At the end of our BlackHat presentation on which we unveiled our TitanEngine project we promised to keep supporting it and to publish one unpacker demo per week. And this was true since our first update release for TitanEngine contained quite a few samples.

But since the next update isn't all that close we will stick to our word and publish and blog about the samples ReversingLabs itself contributes. In that spirit we are revisiting the packer we created for mPack ages ago.
So why is mPack interesting? Just because we haven't yet published a source for unpacker that uses overlay to store the compressed file. Interested? Read on...

Ovelay is by definition a piece of data appended to the end of the PE file. In this case that appended data is a compressed executable which sounds logical since we know that mPack was written in Delphi as a proof of concept packer, and since overlay packing is the most simplest form of packing it was used here.
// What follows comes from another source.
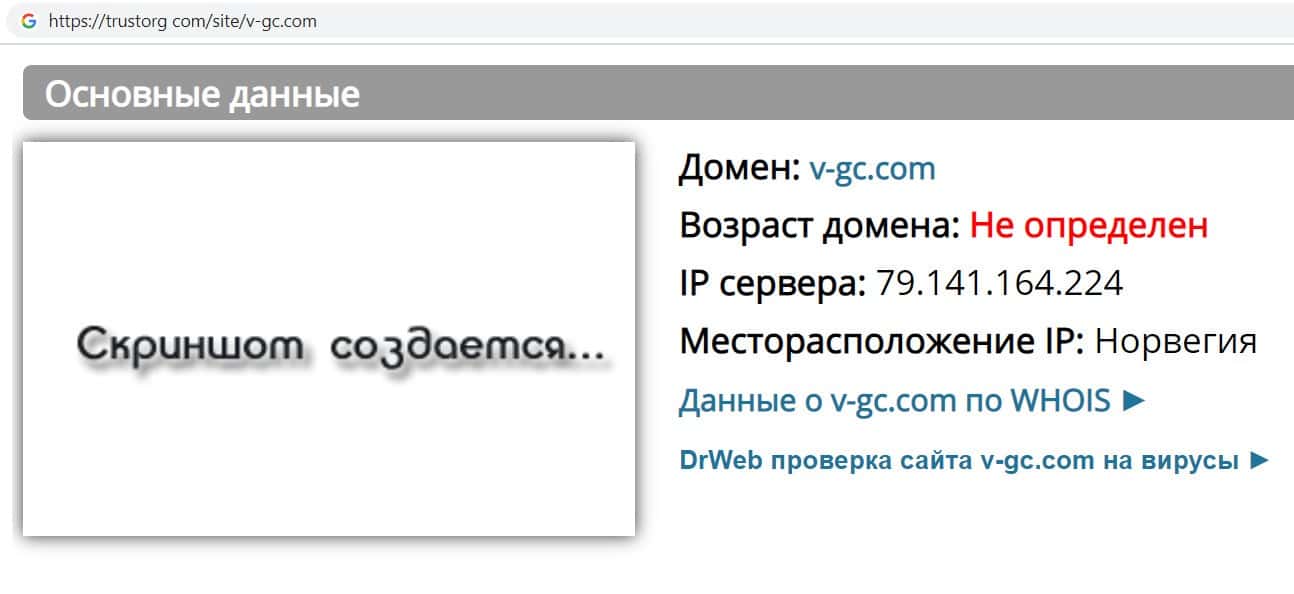 Мы проверили сайт V GC через интернет ресурс scamadviser com. Оказалось, что сайт кидал не оптимизирован к поисковым системам и его владелец скрывает свою личность.

The trouble with this is that the compression method weren't documented so we need to "guess" what kind of compression was used and how it was implemented. Which is the fun part of reverse engineering.

There are two things we can do here and we are going to use both approaches for both supported and known version of mPack. Firstly we can reverse the stub which decompresses the packed overlay and this is fairly easy. We can set a few breakpoints on CreateFileA and ReadFile to see when the overlay is read and then just trace until we find the algorithm in charge of decompression and just rip it so that it can be used to unpack compressed memory segment. When talking about mPack 0.2 you need to realize that compressed overlay is segmented and compressed by chunks of 0x1000 bytes of code. Each segment in the compressed overlay begins with the DWORD which tells you the size of the compressed segment. Therefore you need to keep decompressing and reconstructing the  file while that DWORD is greater then zero. Once all segments are unpacked you are done.

Second approach can be used and applied to mPack 0.3. This is a lazy man approach and that means no code tracing whatsoever. Like it? We did too. So what you want to do is just extract the overlay and take a look at the compressed overlay. Once again there is a DWORD before the compressed data. Since that DWORD is greater then the size of the overlay and its a nice and round number its safe to assume that that is the size of decompressed that. But what compression algorithm was used. First byte of the compressed overlay is 0x78, so one quick Google search and we get to this website which kindly points us to zlib compression. Yes, just that easy. No code tracing at all. But same info could be found if we got our hands dirty for a few seconds and did some file analysis.

Once the two are put together you come up with a nice unpacker which demonstrates how to use TitanEngine to write static unpackers, more specifically how to unpack packers which store compressed binaries inside overlay. And that is something we haven't shown in our samples which makes this a nice Monday exercise.